Super cool :thumbsup:


----------



## jdixon (Nov 21, 2007)

Jeff that is fantastic! Very, very nice.

John


----------



## rightuppercut (Oct 8, 2008)

Man that's nice. Your surface looks perfect. What did you use to hollow it? I would have tool marks all through that thing.


----------



## Chad (May 10, 2009)

That's cool, awesome bowl.


----------



## Mitch Cholewinski (Mar 11, 2007)

*Neb*

This is also a NEB that I turned a while back. It is entirely translucent except along the end where the bark is. If I tried to make it 1/32" thick like the rest of the bowl it would surely break. I made a bunch of these NEB at one time. Jeff yours is very nice, you did a great job. Keep making them. Mitch:thumbsup:


----------



## EugeneInNC (Aug 18, 2008)

Jeff, that is really nice. The ultra clean finish and subtle grain is a nice contrast to the natural edge and the bark. I also like the form, it looks great on this bowl. Thanks for posting.

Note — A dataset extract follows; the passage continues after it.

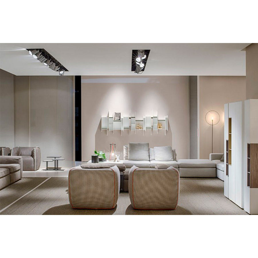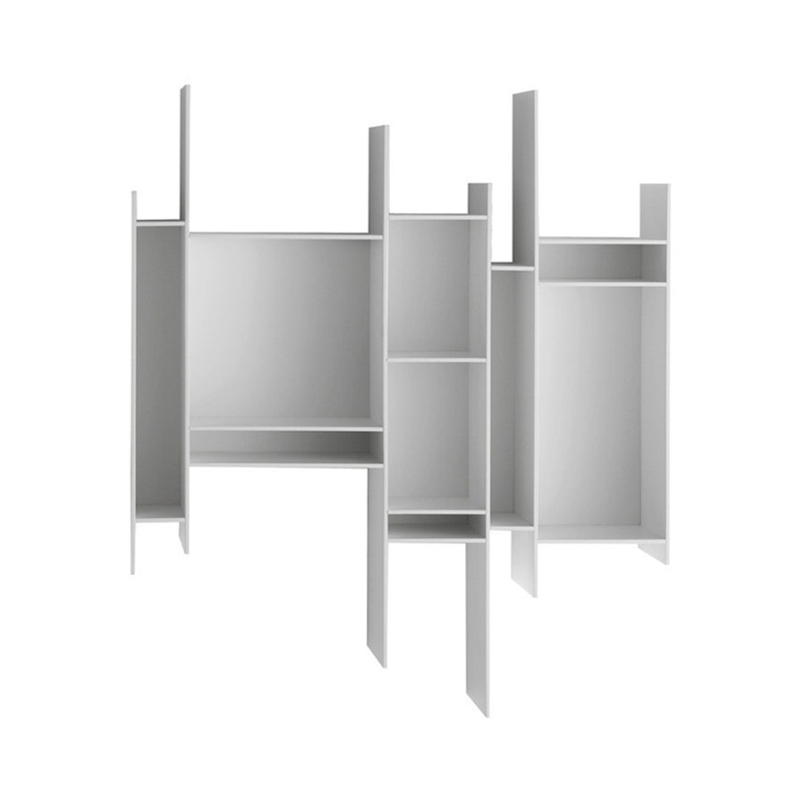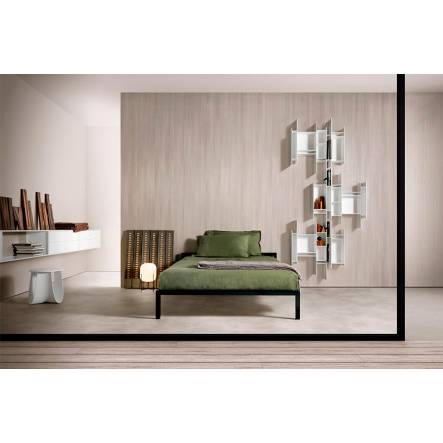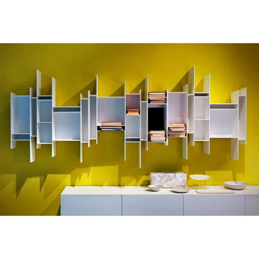 Neuland IndustriedesignUn cartel gráfico en la pared que llama la atención. Una estantería colgante pequeña pero entrañable, capaz de conferir dinamismo a cualquier entorno y embellecerla como una obra de arte. Esta es la característica principal de Randomito, cuyo módulo único y verticalmente reversible puede usarse tanto individualmente como por agregación, obteniendo así muchas configuraciones personalizadas. Además, la paleta de colores se ha agregado más tonos a lo largo de los años: no solo blanco puro sino otros siete tonos, incluidos los pasteles. Neuland Industriedesign concibió una estantería que evoca movimiento y ligereza, cuya silueta es inconfundible: única en su tipo, está inspirada en el «progenitor» Aleatorio, que representa uno de sus caminos evolutivos. Maravilloso en contextos residenciales, Randomito se presta excelentemente a espacios comerciales.

Mitch, your bowl looks very nice also. I really like the color of the wood against the black base.


----------



## Mitch Cholewinski (Mar 11, 2007)

NEB
Thanks Eugene Mitch:thumbsup:


----------



## slatron25 (Dec 18, 2007)

Here's my latest out of hackberry.


----------



## Barry Ward (Mar 22, 2008)

WOW,You guys have done well,they all are beautifull pieces,but Mitch I think yours is downright beautifull.Sorry fella's :sad:


----------



## Mitch Cholewinski (Mar 11, 2007)

Woodsman
Thanks buddy. I think they are all beautiful. You can see the love each turner put into each and every one of these NEB. Keep it up guys, you guys are good. 
I love turning but for past year plus I been making turning tools. Made a new bowl gouge tonight and it cuts great Mitch:thumbsup:


----------



## Jeff4woodturning (Feb 1, 2009)

Thanks guys for your comments and showing your NEBs hope to see more. 

Rightuppercut did it with my Sorby 1/2 bowl gouge and round nose scraper but i have seen your work up close, who are you kidding with the tool marks...lol ...we will have to get together a share turning techniques.

Mitch & Tim your bowls look great, thanks for sharing.


----------